De plus, le fait que des illustrateurs aux styles très différents travaillaient sur mes Faes m’encourageait à jouer encore plus sur la diversité.
Je pourrais ajouter que je voue un mépris certain au classicisme comme aux classifications, que j’adore bousculer les règles et les habitudes, laisser de la place à l’imagination du lecteur, que j’estime que la nouvelle est un média protéiforme et qu’on peut écrire une histoire à la manière qui correspond le plus à ce qu’on a envie de raconter, de dire, de partager sans se soucier de genre ou de format.
Enfin, avec la présence de la partie « ethnographie faerique » de l’ouvrage, construire un « fix up » qui tienne aussi du livre ethno-poétique s’imposait pour moi, chaque texte donne alors une autre réalité et un contexte aux fiches illustrées, images et mots se rencontrent et se justifient.
- Concernant le catalogue des faes à la fin de l’ouvrage, qu’est-ce qui a motivé cette démarche et comment avez-vous procédé ? Comment s’est passé la relation avec les illustrateurs qui ont participé à l’enrichissement de ce panel ?
Comme je l’ai déjà dit, la création du catalogue des Faes était une manière pour moi d’écrire quand l’inspiration n’était pas là, travailler sur un monde, entre l’imagination pure et la recherche m’a permis d’avancer et d’enrichir mes idées pour les nouvelles écrites plus tard. Créer des Faes m’amusait et me poussait à aller de plus en plus loin dans mes recherches. Mais je ne me suis pas arrêtée aux Faes, j’ai aussi compilé les fiches sur la réalité politique, économique, sociale et écologique de notre avenir possible et fait énormément de recherches sur les techniques de nettoyage du sol et de l’eau utilisant des végétaux existants ainsi que sur les différents projets de reforestation et de lutte contre la désertification. Les arbres et arbustes utilisés par exemple dans le Projet Miracle, servent déjà à fleurir le désert de par le monde.

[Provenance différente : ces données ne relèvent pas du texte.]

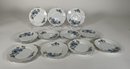 Set of twenty-five porcelain saucers with delicate blue floral motif and gold trim. Marked on the underside with the maker's mark: MZ Aurichlau GMR Czechoslovakia. Measures approximately 6 inches and 5 inches in diameter.
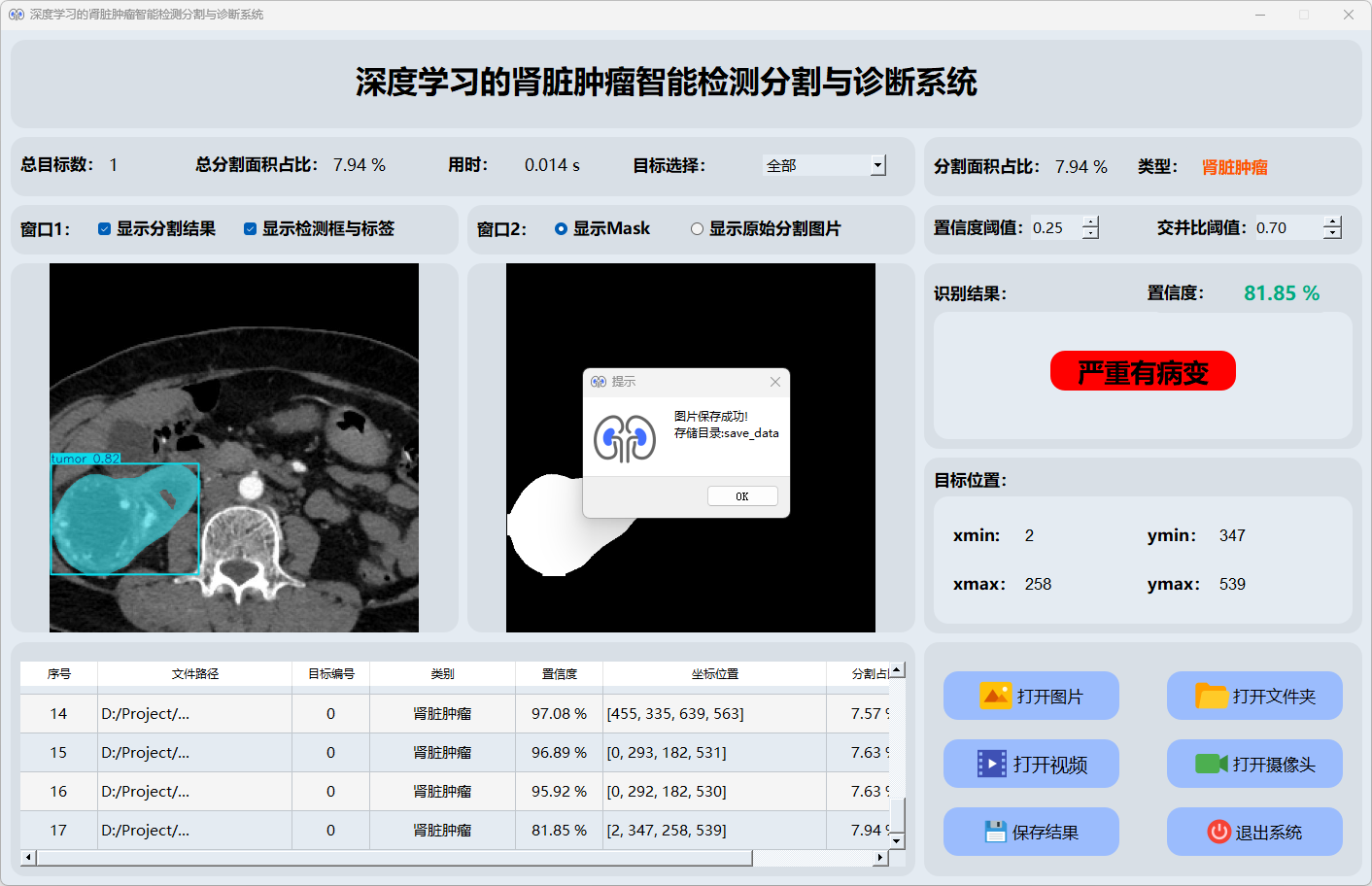 这个界面展示了系统对视频帧中的多目标检测能力,能够准确识别肾脏肿瘤分割图像,并提供详细的检测结果和置信度评分。
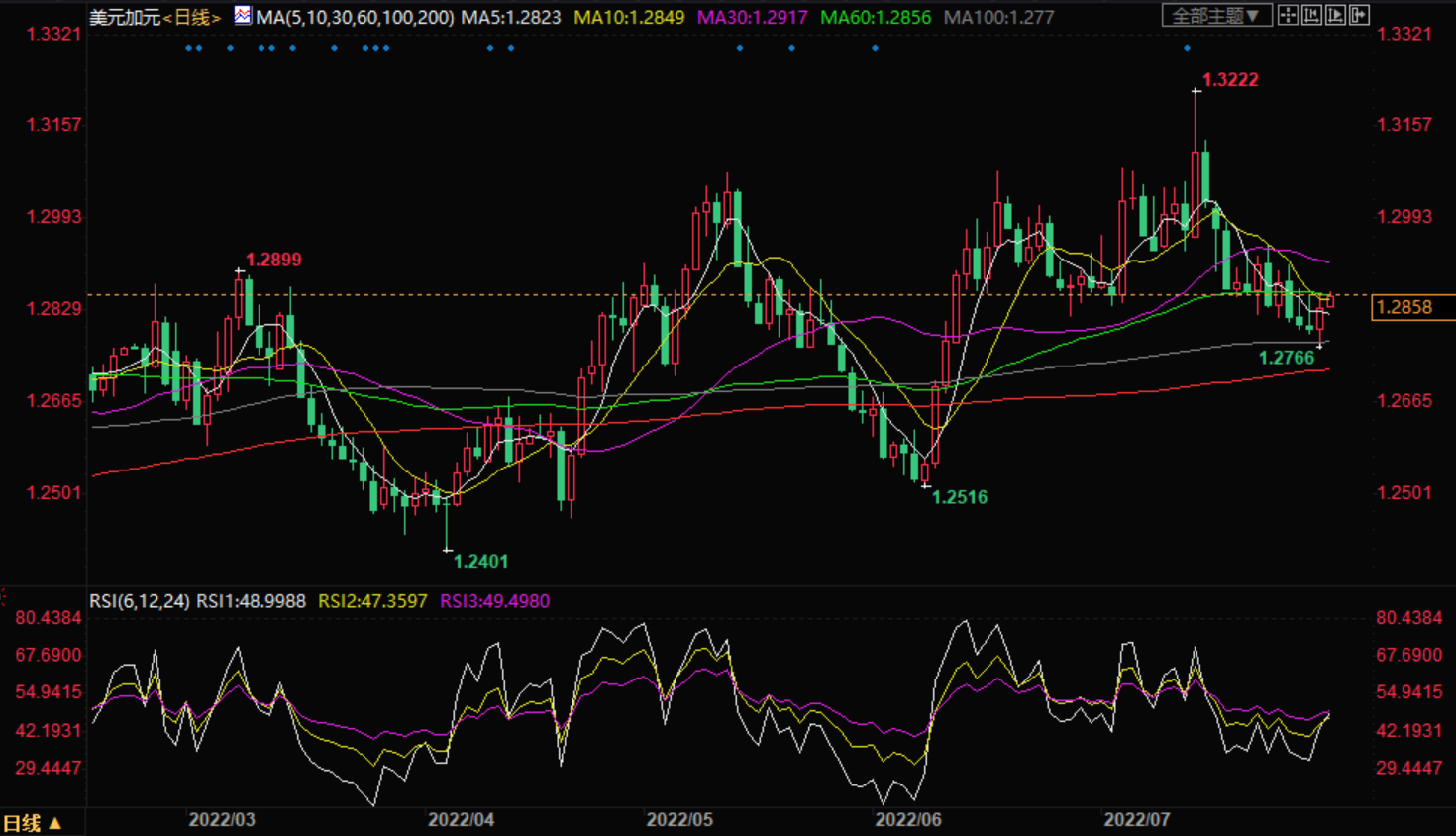 美元兑加元汇率走势技术分析

Je savais dès le départ (avec l’écriture de l’Ange de Gabriel, du Dernier changelin ou de Lettres d’absence) que mes Faes étaient technologiques, s’adaptaient à notre partie du monde et souhaitaient réparer les erreurs des hommes et rendre à notre planète une véritable diversité végétale et une santé écologique. Je les ai toujours voulues plus SF que Fantasy, je me suis donc attachée à leur offrir le plus de vérité scientifique possible.

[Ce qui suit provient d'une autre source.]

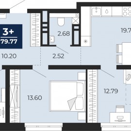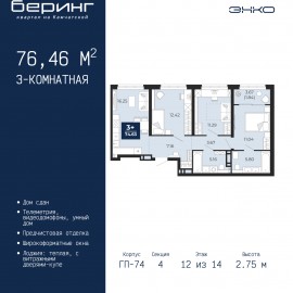 Просторная 3-комн. квартира с предчистовой отделкой в ЖК "Беринг" на 4 этаже. Общая площадь: 79.9 кв.м., жилая: 38.31 кв.м., площадь просторной кухни-столовой: 14.7 кв.м. Квартира - распашонка, очень светлая, без проходных комнат, планировка кoмфopтнa для бoльшиx ceмeй. В квартире один балкон...
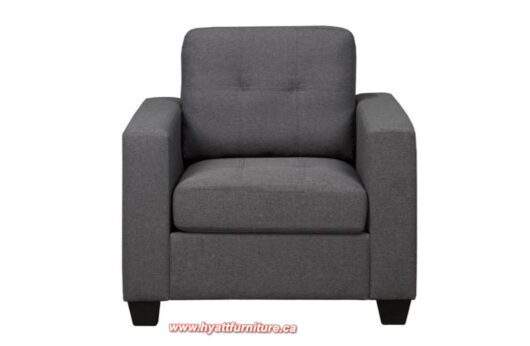 Features button tufting and Wooden legs
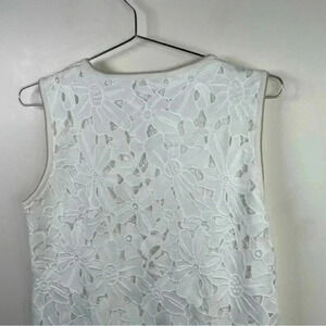 Luisa Cerano White Floral Eyelet Lace Sleeveless Sheath Dress

De même, mes Faes sont les descendantes des légendes féériques anglo-saxonnes avec quelques emprunts à la littérature ou au folklore de différents pays, en particulier de la Belgique. Je n’en ai vraiment créé que très peu, les plus récentes et les plus technologiques comme mes Kobolts qui mangent les déchets radioactifs. Chacune a trouvé un rôle et une place aussi bien dans une société faerique que dans la vie végétale et minérale. Beaucoup d’entre elles ont une fonction dans l’existence d’un arbre par exemple, des plus petites comme les Lutinsectes qui chevauchent les vers de terre pour oxygéner l’humus aux Arbrières qui élèvent les leurs.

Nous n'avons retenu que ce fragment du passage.